* Directions for this task
What is needed is an exact transcription of the listing, with the images removed.

* Data for this task
--- START ---

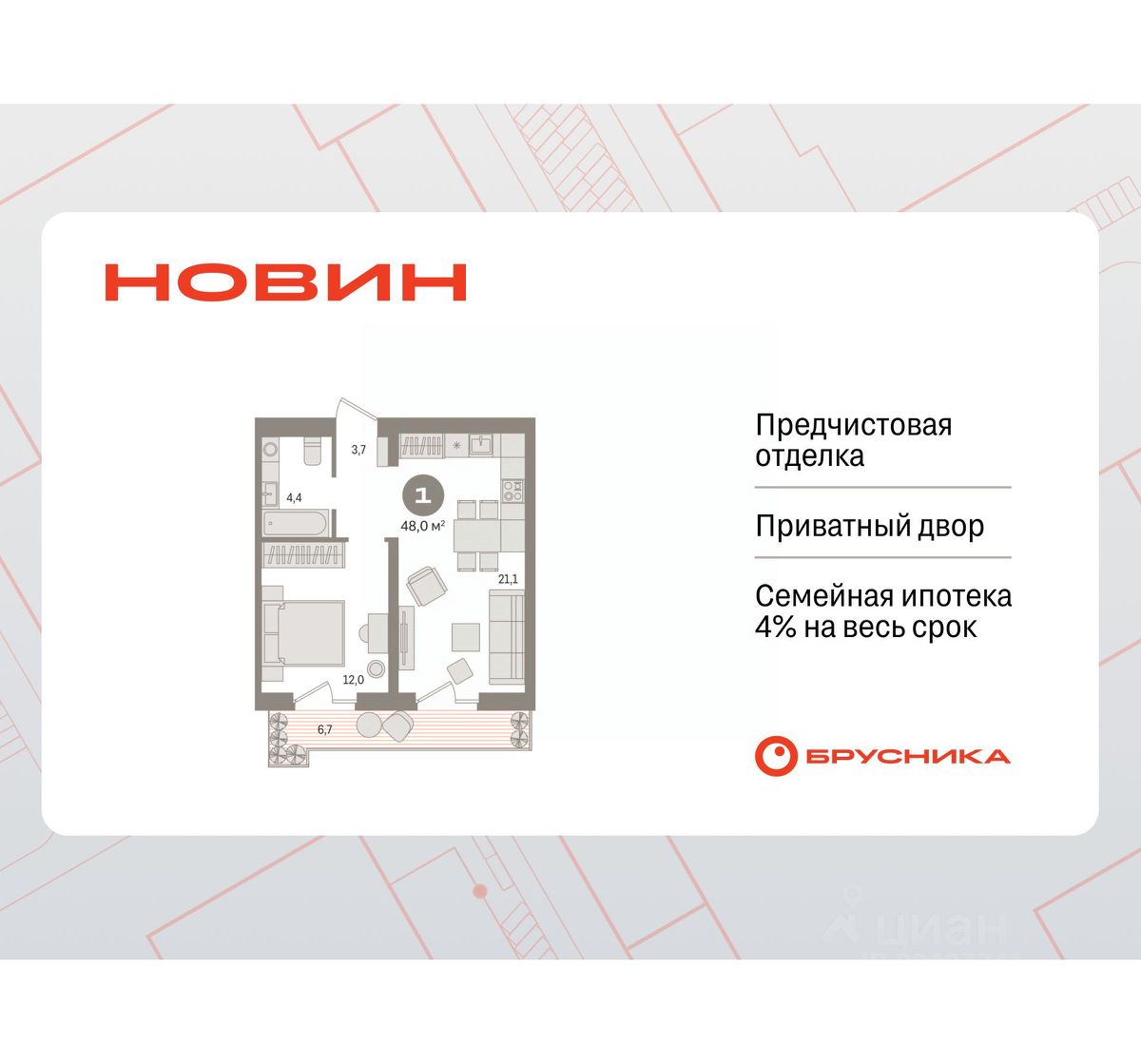 Квартира с кухней-гостиной и одной спальней в квартале "Новин". Особенности планировки: балкон, вид во двор, предчистовая отделка.
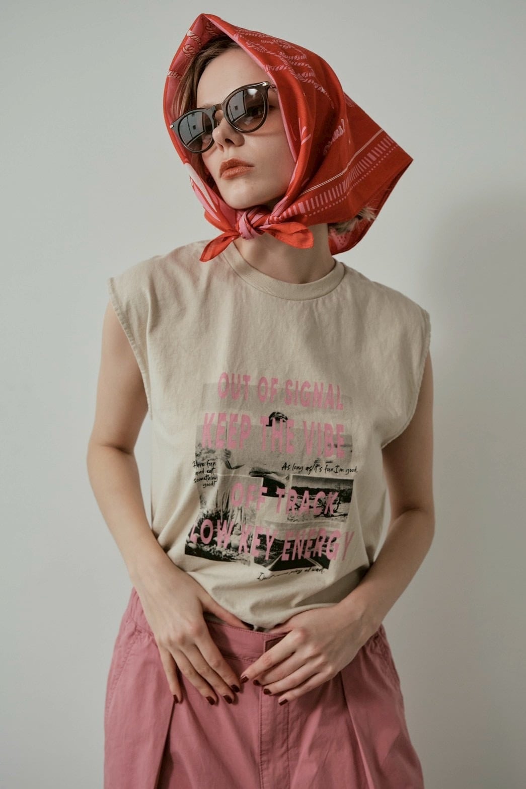 モノトーンフォトとロゴをコラージュ風にレイアウトしたプリントTee。カラーロゴがアクセント。
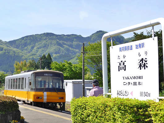 そして駐車場があったところには真新しい建物が建っていました。近くにいた駅員さんに聞いたら、この建物は高森駅の新駅舎で、周辺工事はまだ終わってないけれども、GW中には運用を開始する予定だと言っていました。ここを訪れたのはGWの直前でしたが、今では工事も完了しているんでしょうね?
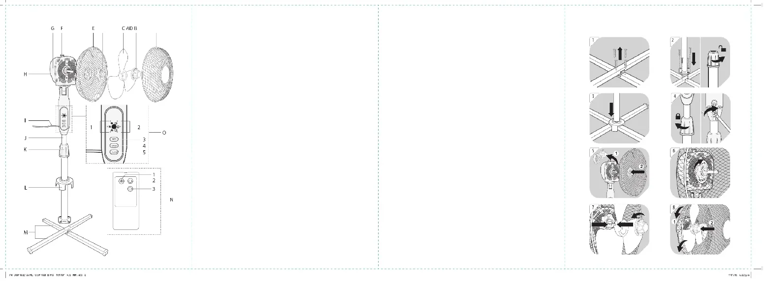 A. Schutzgitter (vorne) B. Propellermutter C. Ventilatorügel D. Kunststomutter E. Schutzgitter (hinten) F. Oszillationsknopf G. Motoreinheit H. Motorwelle
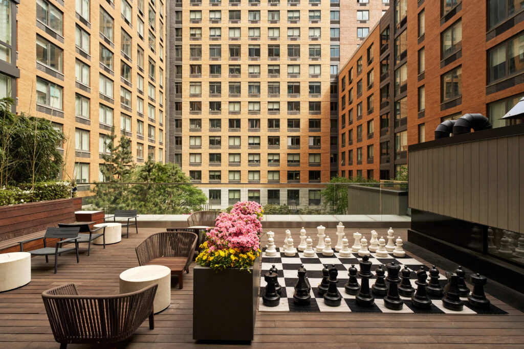 - 32nd floor roof deck with Hudson River views, lounge chairs, outdoor movie theater and a misting wall
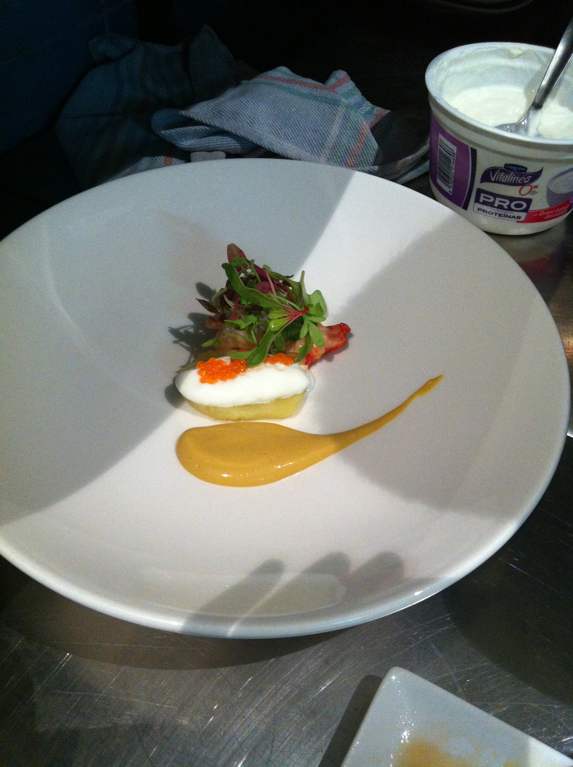 So far, amazing and good! I like my chef Frederic a lot, except that he has threatened to put “cinco kilos” on me before I leave at the end of the month. Translation: he thinks I’m skinny and wants to put 10 pounds on me by the end of June. No problem. I’ve already eaten his sweetbreads and artichokes with truffle sauce, tasted some of their cheeses from their cheese plate, and tasted the sour cherry and vanilla dessert – all delightful. Yep, I even liked the sweetbreads, but of course that was because they were fried and smothered in a delicious sauce on top of a fried artichoke.
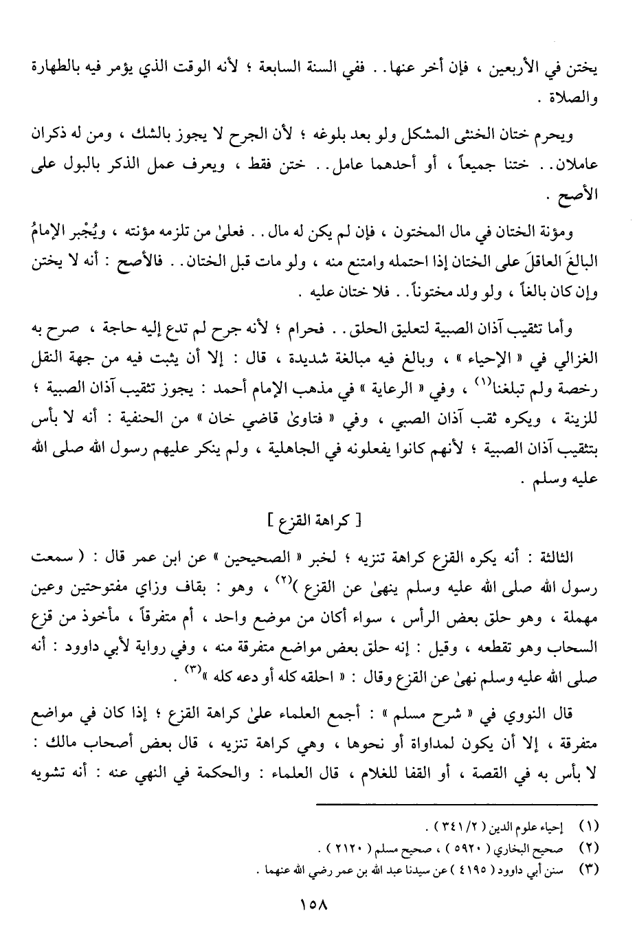 الثالثة: أنه يكره القزع كراهة تنزيه؛ لخبر "الصحيحين" عن ابن عمر قال: "سمعت رسول الله صلى الله عليه وسلم ينهى عن القزع)، وهو: بقاف وزاي مفتوحتين وعين مهملة، وهو حلق بعض الرأس، سواء أكان من موضع واحد، أم مفترقاً، مأخوذ من قزع السحاب وهو تقطعه، وقيل: إنه حلق بعض مواضع متفرقة منه، وفي رواية لأبي داود: أنه صلى الله عليه وسلم نهى عن القزع وقال: "احلقه كله أو دعه كله".
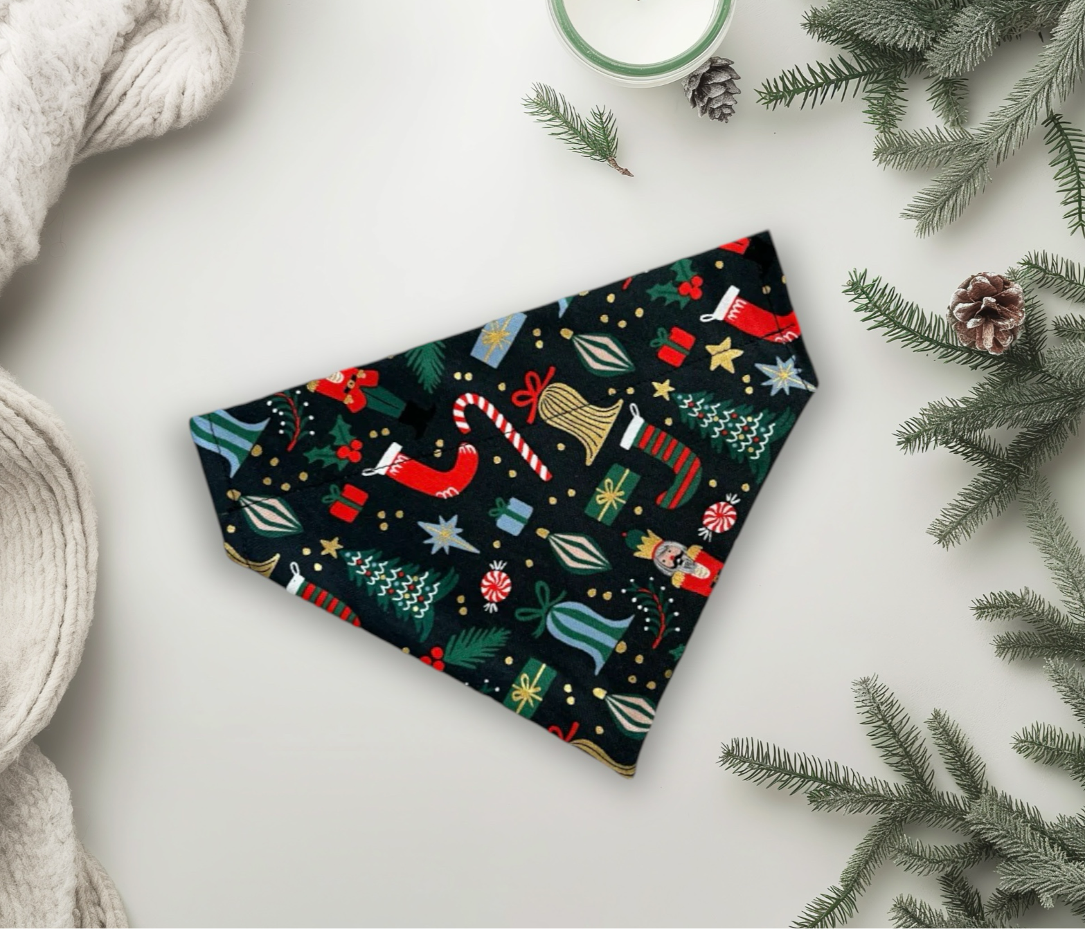 Christmas Dog Bandana or Cat Bandana -Whimsical: Complement your Christmas decorations by dressing up your pet with our custom dog bandanas and cat bandanas! Each cat or dog scarf is handmade and customized to your pet's size.
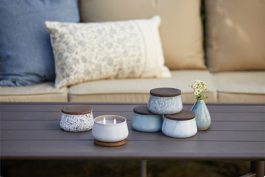 YANKEE CANDLE – Candela da esterno Ocean Hibiscus con contenitore in latta, stoppino da esterno e coperchio in legno naturale – Una proposta unica e curata nei dettagli, pensata per sorprendere e valorizzare ogni occasione speciale con stile ed emozione.
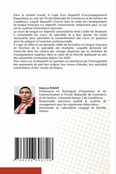 Dans le présent travail, il s'agit d'un dispositif d'accompagnement linguistique au sein de l'Ecole Nationale de Commerce et de Gestion de Casablanca. Lequel dispositif s'inscrit dans le cadre de l'enseignement de langue française sur objectifs universitaires notamment pour ce qui est du système universitaire marocain.Le cours de langue sur objectifs universitaires tend à aider les étudiants à comprendre les cours de spécialité et à leur donner les outils nécessaires pour permettre la compréhension des cours en question ainsi les préparer à l'insertion professionnelle. Il s'agit en effet d'une demande réelle de formation en langue française en fonction de la spécialité des étudiants. Laquelle demande est transcrite dans les cahiers des charges dispensés par le ministère de l'enseignement supérieur dans le cadre de la réforme appliquée au sein des universités marocaines depuis l'an 2003.Pour notre cas, le dispositif en question se caractérise par l'homogénéité des apprenants de part leur origine, leur niveau d'études, leur spécialité universitaire, et leur niveau de langue.
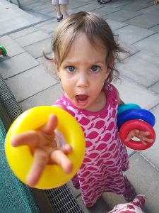 While they were having fun, I was working. Until 10:30, which is when I started cooking. It took me longer than expected, so it was already after 11 am, when we sat down to eat. We had steak today, which they don't eat often, and Tammy ate hers really quickly, and I gave her some of Emmy's. Then they had their icecream, and after that yoghurt with pear sauce. They were already pretty tired. I cleaned them up, dressed them, and put Emmy to bed right away, while Sonja went downstairs with Tammy.
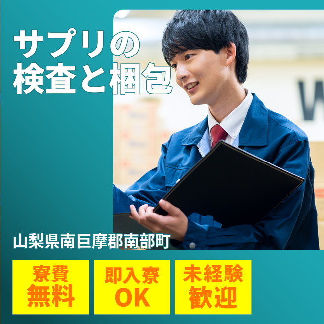 給与詳細 月収例 295,000円 日給例 12,400円 勤務地 山梨県南巨摩郡南部町 仕事内容 ■顆粒サプリメント製造
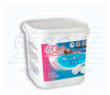 Tratamiento de mantenimiento: con el pH del agua ajustado, añadir 1 tableta de CTX-392 multiAction 250 gr por cada 25 m³ de agua cada 7 días.
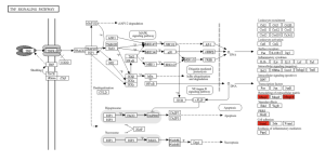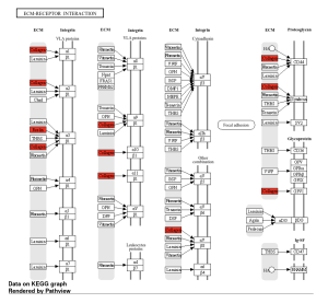 Figure 7. ECM-receptor interaction KEGG Pathway. Integrin proteins and proteoglycan were involved in the ECM-Receptor interaction. Collagen plays a large role in this pathway due to its repetition as shown in red, along with one other gene, Reelin.
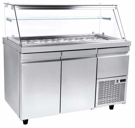 Niki Inox VI XA 157M Ψυγείο-Βιτρίνα Σαλατών με Αέρα και με Φαρδιές Πόρτες, για 18 Λεκανάκια GN 1/4, 520 lt

--- END ---

* Exercise answer
 Квартира с кухней-гостиной и одной спальней в квартале "Новин". Особенности планировки: балкон, вид во двор, предчистовая отделка.
 モノトーンフォトとロゴをコラージュ風にレイアウトしたプリントTee。カラーロゴがアクセント。
 そして駐車場があったところには真新しい建物が建っていました。近くにいた駅員さんに聞いたら、この建物は高森駅の新駅舎で、周辺工事はまだ終わってないけれども、GW中には運用を開始する予定だと言っていました。ここを訪れたのはGWの直前でしたが、今では工事も完了しているんでしょうね?
 A. Schutzgitter (vorne) B. Propellermutter C. Ventilatorügel D. Kunststomutter E. Schutzgitter (hinten) F. Oszillationsknopf G. Motoreinheit H. Motorwelle
 - 32nd floor roof deck with Hudson River views, lounge chairs, outdoor movie theater and a misting wall
 So far, amazing and good! I like my chef Frederic a lot, except that he has threatened to put “cinco kilos” on me before I leave at the end of the month. Translation: he thinks I’m skinny and wants to put 10 pounds on me by the end of June. No problem. I’ve already eaten his sweetbreads and artichokes with truffle sauce, tasted some of their cheeses from their cheese plate, and tasted the sour cherry and vanilla dessert – all delightful. Yep, I even liked the sweetbreads, but of course that was because they were fried and smothered in a delicious sauce on top of a fried artichoke.
 الثالثة: أنه يكره القزع كراهة تنزيه؛ لخبر "الصحيحين" عن ابن عمر قال: "سمعت رسول الله صلى الله عليه وسلم ينهى عن القزع)، وهو: بقاف وزاي مفتوحتين وعين مهملة، وهو حلق بعض الرأس، سواء أكان من موضع واحد، أم مفترقاً، مأخوذ من قزع السحاب وهو تقطعه، وقيل: إنه حلق بعض مواضع متفرقة منه، وفي رواية لأبي داود: أنه صلى الله عليه وسلم نهى عن القزع وقال: "احلقه كله أو دعه كله".
 Christmas Dog Bandana or Cat Bandana -Whimsical: Complement your Christmas decorations by dressing up your pet with our custom dog bandanas and cat bandanas! Each cat or dog scarf is handmade and customized to your pet's size.
 YANKEE CANDLE – Candela da esterno Ocean Hibiscus con contenitore in latta, stoppino da esterno e coperchio in legno naturale – Una proposta unica e curata nei dettagli, pensata per sorprendere e valorizzare ogni occasione speciale con stile ed emozione.
 Dans le présent travail, il s'agit d'un dispositif d'accompagnement linguistique au sein de l'Ecole Nationale de Commerce et de Gestion de Casablanca. Lequel dispositif s'inscrit dans le cadre de l'enseignement de langue française sur objectifs universitaires notamment pour ce qui est du système universitaire marocain.Le cours de langue sur objectifs universitaires tend à aider les étudiants à comprendre les cours de spécialité et à leur donner les outils nécessaires pour permettre la compréhension des cours en question ainsi les préparer à l'insertion professionnelle. Il s'agit en effet d'une demande réelle de formation en langue française en fonction de la spécialité des étudiants. Laquelle demande est transcrite dans les cahiers des charges dispensés par le ministère de l'enseignement supérieur dans le cadre de la réforme appliquée au sein des universités marocaines depuis l'an 2003.Pour notre cas, le dispositif en question se caractérise par l'homogénéité des apprenants de part leur origine, leur niveau d'études, leur spécialité universitaire, et leur niveau de langue.
 While they were having fun, I was working. Until 10:30, which is when I started cooking. It took me longer than expected, so it was already after 11 am, when we sat down to eat. We had steak today, which they don't eat often, and Tammy ate hers really quickly, and I gave her some of Emmy's. Then they had their icecream, and after that yoghurt with pear sauce. They were already pretty tired. I cleaned them up, dressed them, and put Emmy to bed right away, while Sonja went downstairs with Tammy.
 給与詳細 月収例 295,000円 日給例 12,400円 勤務地 山梨県南巨摩郡南部町 仕事内容 ■顆粒サプリメント製造
 Tratamiento de mantenimiento: con el pH del agua ajustado, añadir 1 tableta de CTX-392 multiAction 250 gr por cada 25 m³ de agua cada 7 días.
 Figure 7. ECM-receptor interaction KEGG Pathway. Integrin proteins and proteoglycan were involved in the ECM-Receptor interaction. Collagen plays a large role in this pathway due to its repetition as shown in red, along with one other gene, Reelin.
 Niki Inox VI XA 157M Ψυγείο-Βιτρίνα Σαλατών με Αέρα και με Φαρδιές Πόρτες, για 18 Λεκανάκια GN 1/4, 520 lt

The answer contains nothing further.